First Place - Sandy Bottom
Second Place - Gary
Third Place - Topcat

Congrats to all three. Actually we had some really good entries for April. Thanks everyone for entering.

Sandy, we need a topic for May.
Thanks
Mike

Listed in order of finish


----------



## Gary (May 21, 2004)

Congrats Sandy and everybody else. These were some awsome shots.


----------



## sandybottom (Jun 1, 2005)

I appreciate for those that voted for my picture. Let's see I have a couple of ideas but I'm gonna go with {Dogs or Cats} for May's photo shoot assignment. It doesn't have to be yours. I wanted to make it easy so we can get a lot of entries. Anybody can play but it has to be taken during the month of May. Thanks again!

Sandy


----------



## Slip (Jul 25, 2006)

Ohhhhh Wowww Sandy, I didn't even get to vote this month as I have been tied up and in Vermont now visiting my son which graduated College yesterday. You photo is a winnder for sure and the others are awsome also. It was a good month this time for sure. Congrats.


----------



## Fisher Lou (May 16, 2005)

Congrats Sandy, Gary and Topcat!!!!! Fantastic photos. Looks like all the participants did a great job.

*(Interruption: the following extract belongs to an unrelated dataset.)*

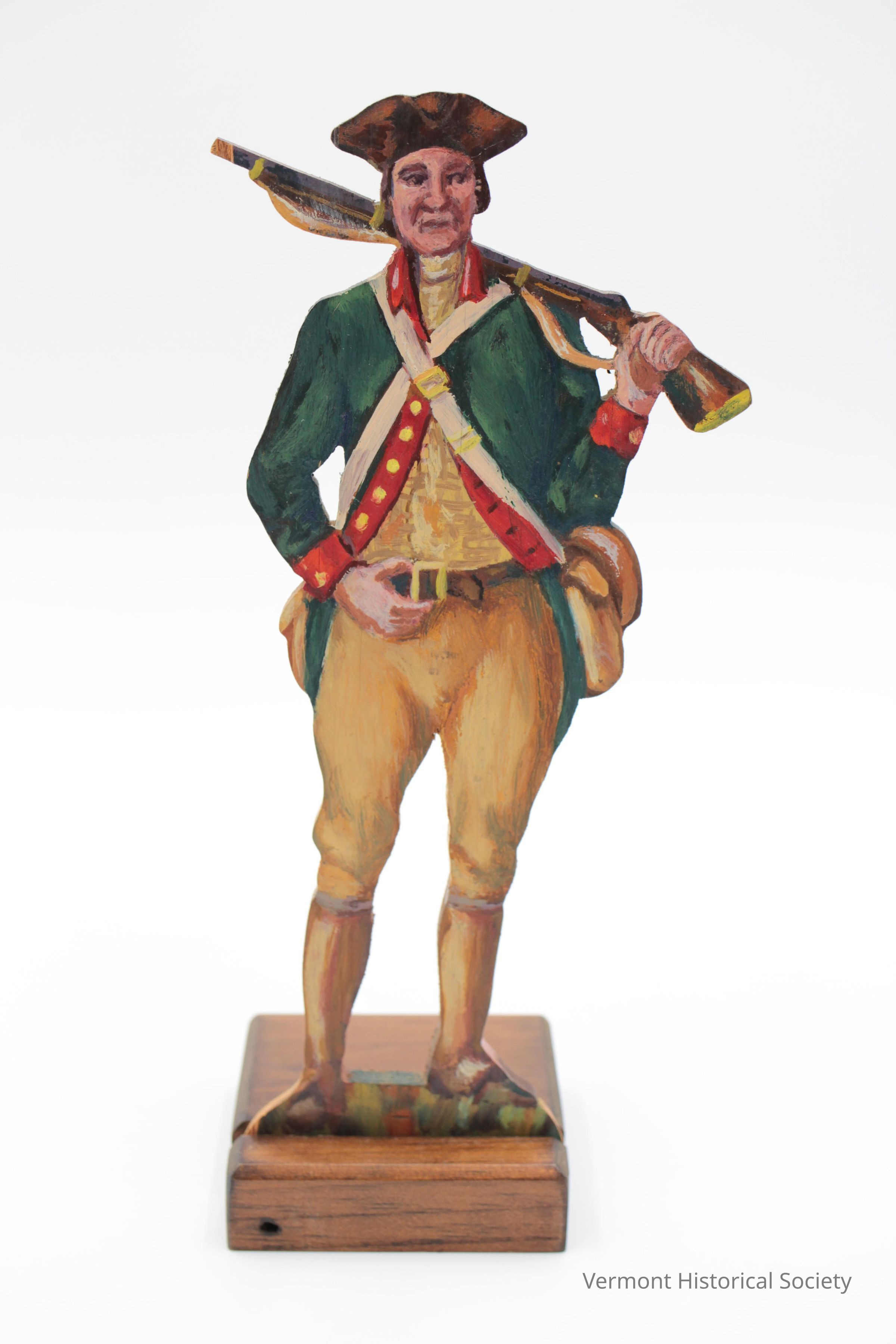 Plywood cutout figurine of soldier. The figure is painted on the front, and the plywood is left bare on the reverse. The soldier is shown wearing an eighteenth-century-style military uniform consisting of a brown tricorn hat, a green coat edged in red, a yellow plaid shirt, fawn breeches and stockings, and brown shoes. He is holding a long gun over his left shoulder. The figure sits in a slot within a rectangular wooden base. The back is incised with the inscription, "Green Mountain Ranger / Parade Uniform / Horace Mills Abrams".Context

Sounds like the contest for May will be fun. I hope rains cats and dogs.


----------



## stargazer (May 24, 2004)

Congrats folks!!!


----------



## pg542 (Oct 9, 2006)

Congrats everyone. Very nice images this month. You folks are great!....


----------



## sandybottom (Jun 1, 2005)

I just want that country cabin! Mike, where did you find it? Do you have any more pics of it you can email me? Someday we are going to build our house up in the country and want to put a log cabin on there. It will be perfect for that hill country atmosphere.

[email protected]


----------



## MT Stringer (May 21, 2004)

Topcat took that pic, Sandy. But you can go look at it. Old Baylor College, Independence, Texas.

Check out this link.


----------



## Topcat (May 21, 2004)

Sandy,

Here is shot with the house in better focus. If you want the full size image, just ask! I don't seem to have any pictures from any other angles.

Tipton


----------